The first option is wiring up a thermal receipt printer. This uses an Adafruit mini printer that costs about $60, and it’s so cool to play with. To use this peripheral, I had to wire it to an external power source that came with the kit. The printer was then wired to ground and serial tx on the processor.

    # Print a paper wallet with the thermal receipt printer
    def print_address_privkey(self, address, privkey, print_privkey=True):

        # Intialize the printer
        uart = busio.UART(board.TX, board.RX, baudrate=19200)
        ThermalPrinter = adafruit_thermal_printer.get_printer_class(2.69)
        printer = ThermalPrinter(uart)

        printer.bold = True

        # Warm up and wait so we get the best print quality
        printer.warm_up()
        time.sleep(2)

        # Print the address information
        printer.feed(3)
        printer.print("Address:")
        printer.print(address)

        if print_privkey:
            printer.feed(3)
            printer.print("Private Key (WIF):")
            printer.print(privkey)

        printer.feed(3)

The next option (slightly more complex, actually) is the character LCD display. For this, I got to solder for the first time since high school! Thankfully my friend and engineer Nathan Schomer taught me well back in the day. I soldered the I2C backpack to the character LCD, and wired it to scl and sda on the board for data. Power requires either 5v or USB depending on the board, and a ground.

    # Prepare the data for display on the character screen
    def prep_data(self, data, colmax):

        prepped_data = ""
        for i in range(0, len(data)):
            if i != 0 and i % colmax == 0:
                prepped_data = prepped_data + "\n"

            if data[i] in self.BASE58_ALPHABET:
                prepped_data = prepped_data + data[i]

        return prepped_data

    # Display the address or private key on a character LCD
    def display_address_privkey(self, address, privkey):

        # Initialize the board
        i2c = busio.I2C(board.SCL, board.SDA)
        cols = 20
        rows = 4
        lcd = character_lcd.Character_LCD_I2C(i2c, cols, rows)
        lcd.backlight = True

        # Prep the address and display, wait N seconds,
        # then display the private key
        while True:
            lcd.clear()
            address = self.prep_data(address, cols)
            lcd.message = "Address:\n" + address

            time.sleep(self.DISPLAY_INTERVAL)

            lcd.clear()
            privkey = self.prep_data(privkey, cols)
            lcd.message = "Private Key (WIF):\n" + privkey

            time.sleep(self.DISPLAY_INTERVAL)
The thermal printer wired up to the ItsyBitsy M4
The character LCD wired up to the Grand Central M4.
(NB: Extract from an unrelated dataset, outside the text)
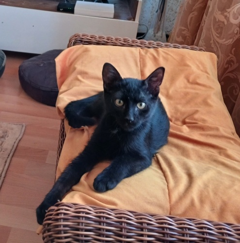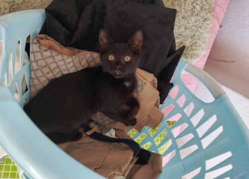 Kuzgun adını aldığı simsiyah tüyleri ve rengine tezat oyuncu, enerjik karakteriyle harika bir çocuk. Sokaktan bulduğumuzda gözlerinde problem vardı. Artık gayet iyi, herhangi bir sağlık sorunu yok. Hem oyun arkadaşı hem de tam bir sevgi yumağı.

Easy Offline Address Generation with uBitAddr

I was extremely excited to get this project working from start to finish, as it was certainly a challenge. Now that it’s done, it’s easy to generate addresses completely offline and keep them secure. All I have to do is boot up a board with an output, and make sure the key and address are safely written down and backed up.

This project has plenty of interesting potential features as well – as I improve on it I can add things like different entropy sources, persistent storage of keys/addresses on the board or a micro SD, different outputs, newer address formats, and more.

I encourage you all to go out and try building things like these as well! Try running your own uBitAddr setup if you have some knowledge of microcontrollers, or get started with your own address generation software built on a platform you’re familiar with. If you’ve never used an Arduino or CircuitPython controller before, try making something fun – they are more accessible than you think. Happy tinkering!